THE PROBLEM.
From the data below, copy exactly the lines that lie between the one holding "sequence zari embroidery" and the one holding "This research is", including both, and nothing more.

INFORMATION SUPPLIED.
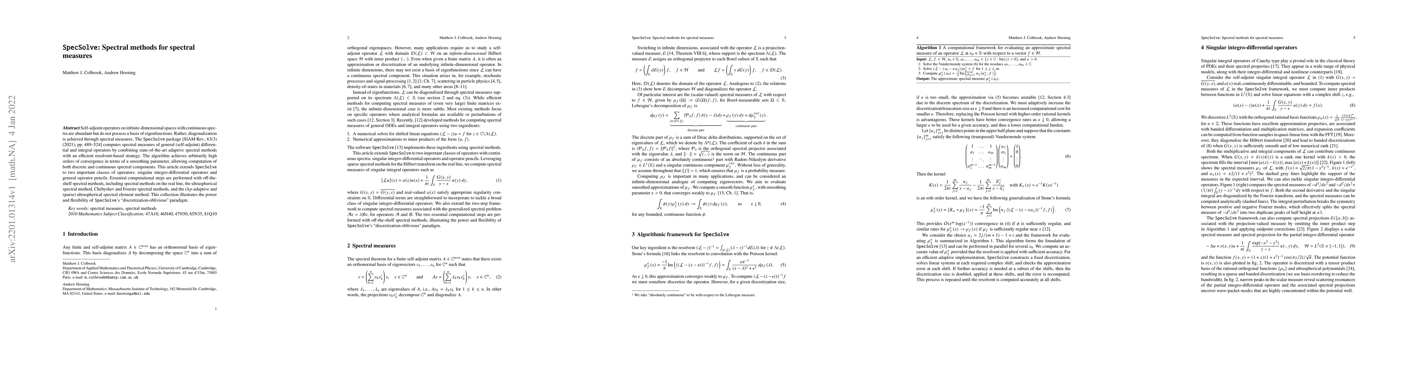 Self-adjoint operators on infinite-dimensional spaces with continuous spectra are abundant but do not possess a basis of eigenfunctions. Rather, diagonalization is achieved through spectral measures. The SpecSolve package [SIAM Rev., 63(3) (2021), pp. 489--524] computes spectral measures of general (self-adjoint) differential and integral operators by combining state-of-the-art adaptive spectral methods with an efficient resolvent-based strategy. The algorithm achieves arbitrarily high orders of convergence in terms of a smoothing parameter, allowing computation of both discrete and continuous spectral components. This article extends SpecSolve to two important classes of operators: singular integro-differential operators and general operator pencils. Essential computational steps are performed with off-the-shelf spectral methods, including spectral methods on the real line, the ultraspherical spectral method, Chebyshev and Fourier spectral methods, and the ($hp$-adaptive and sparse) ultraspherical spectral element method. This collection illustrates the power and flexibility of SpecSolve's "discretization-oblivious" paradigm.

--

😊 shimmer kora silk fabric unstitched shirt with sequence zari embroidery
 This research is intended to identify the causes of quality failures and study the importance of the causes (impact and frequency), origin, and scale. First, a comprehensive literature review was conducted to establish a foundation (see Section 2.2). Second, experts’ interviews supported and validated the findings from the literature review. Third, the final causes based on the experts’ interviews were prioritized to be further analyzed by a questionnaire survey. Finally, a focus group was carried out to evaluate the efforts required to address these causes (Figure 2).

* * *

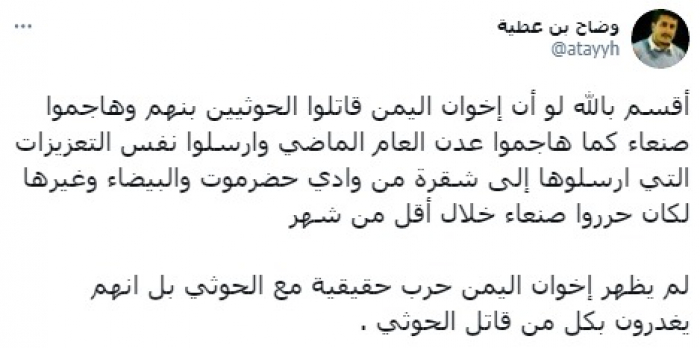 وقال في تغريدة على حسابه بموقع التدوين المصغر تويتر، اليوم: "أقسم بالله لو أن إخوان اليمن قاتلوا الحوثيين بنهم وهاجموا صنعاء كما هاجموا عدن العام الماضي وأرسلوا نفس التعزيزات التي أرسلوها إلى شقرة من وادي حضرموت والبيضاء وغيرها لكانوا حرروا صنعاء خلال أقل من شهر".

ANSWER TO THE EXERCISE.
😊 shimmer kora silk fabric unstitched shirt with sequence zari embroidery
 This research is intended to identify the causes of quality failures and study the importance of the causes (impact and frequency), origin, and scale. First, a comprehensive literature review was conducted to establish a foundation (see Section 2.2). Second, experts’ interviews supported and validated the findings from the literature review. Third, the final causes based on the experts’ interviews were prioritized to be further analyzed by a questionnaire survey. Finally, a focus group was carried out to evaluate the efforts required to address these causes (Figure 2).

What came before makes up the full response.